Imura Tadashi, Wada Hiroki, Matsui Motoya, Hotta Naoki, Mano Tomoo
Division of Central Clinical Laboratory, Nara Medical University, Japan.
Department of Rehabilitation Medicine, Nara Medical University, Japan.
J Phys Ther Sci. 2023 May;35(5):395-398. doi: 10.1589/jpts.35.395. Epub 2023 May 1.
[Purpose] We describe a new method of functional electrical stimulation therapy for severe hemiparesis. Conventional functional electrical stimulation of the lower legs has limited applications. It is only suitable for patients who can monitor their muscle contractions, and it has complicated equipment installation procedures. [Participant and Methods] The participant was a male in his 40s with severe motor paralysis following brain surgery. We monitored the participant's healthy side using the external assist mode of an Integrated Volitional Control Electrical Stimulation (IVES OG Giken, Okayama, Japan) system while forcibly contracting the paralyzed side. The participant received this new functional electrical stimulation therapy five times per week. [Results] Two weeks after initiation of therapy, paralysis was noticeably improved, and motor function was maintained for approximately 1 year. [Conclusion] The outcomes of this case suggest that the addition of forced contraction therapy, mirror therapy, and repetitive exercise therapy to regular physical therapy may be beneficial. This treatment method may also be useful in postoperative patients with central motor palsy and no muscle contraction ability.

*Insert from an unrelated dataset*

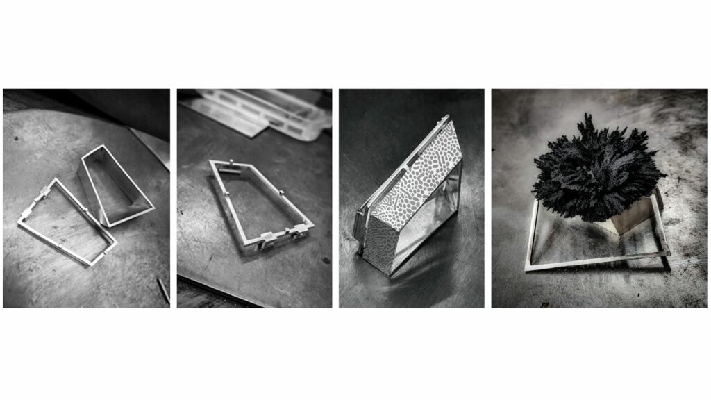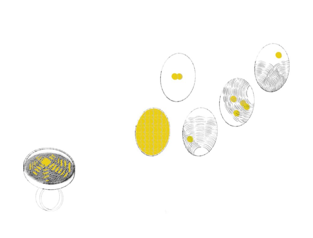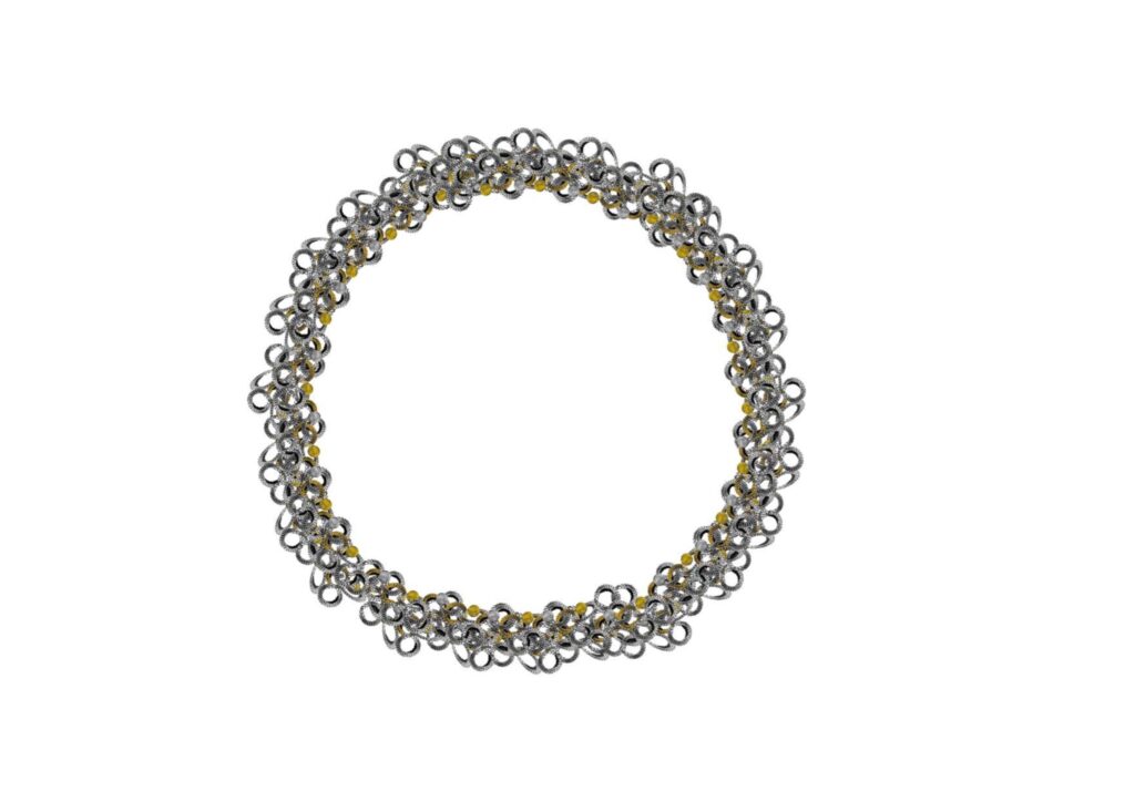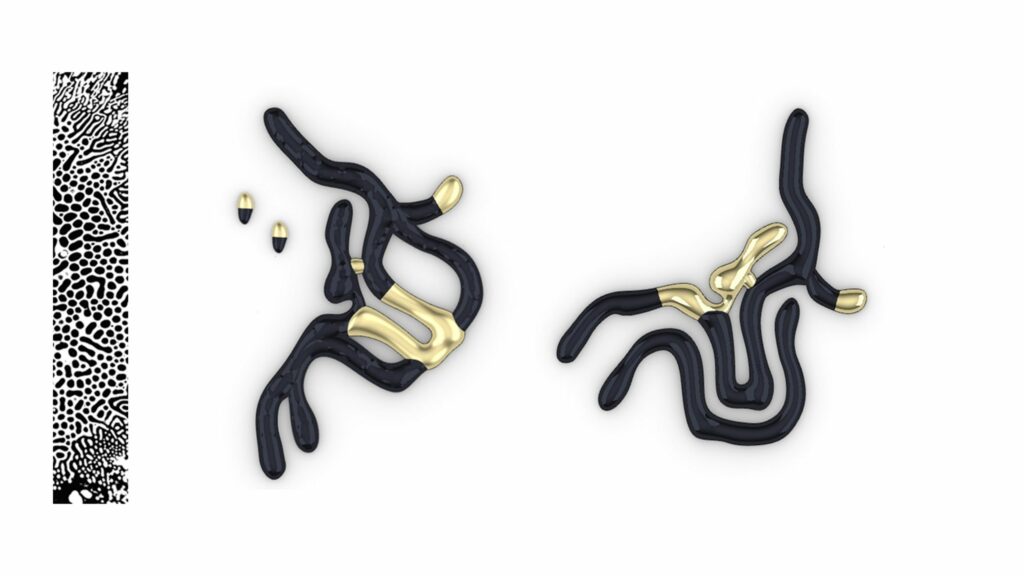 Ferrofluid Inspired Bracelet Design. Black Rhodium Silver + 18ct Yellow Gold Cast Link Bracelet. Selection of 3D CAD presentation work and 3D modelling, 3D printed cast silver components. Entry received the Precious Metal Bursary Award from The Goldsmiths Centre & Cookson gold.

[目的] 我们描述了一种用于严重偏瘫的功能性电刺激疗法的新方法。传统的小腿功能性电刺激应用有限。它仅适用于能够监测自身肌肉收缩的患者,并且设备安装程序复杂。[参与者与方法] 参与者是一名40多岁的男性,脑部手术后出现严重运动麻痹。我们使用集成意志控制电刺激(IVES OG Giken,日本冈山)系统的外部辅助模式监测参与者的健康侧,同时强制收缩麻痹侧。参与者每周接受5次这种新的功能性电刺激疗法。[结果] 治疗开始两周后,麻痹明显改善,运动功能维持了约1年。[结论] 该病例的结果表明,在常规物理治疗中增加强制收缩疗法、镜像疗法和重复运动疗法可能有益。这种治疗方法也可能对术后患有中枢性运动麻痹且无肌肉收缩能力的患者有用。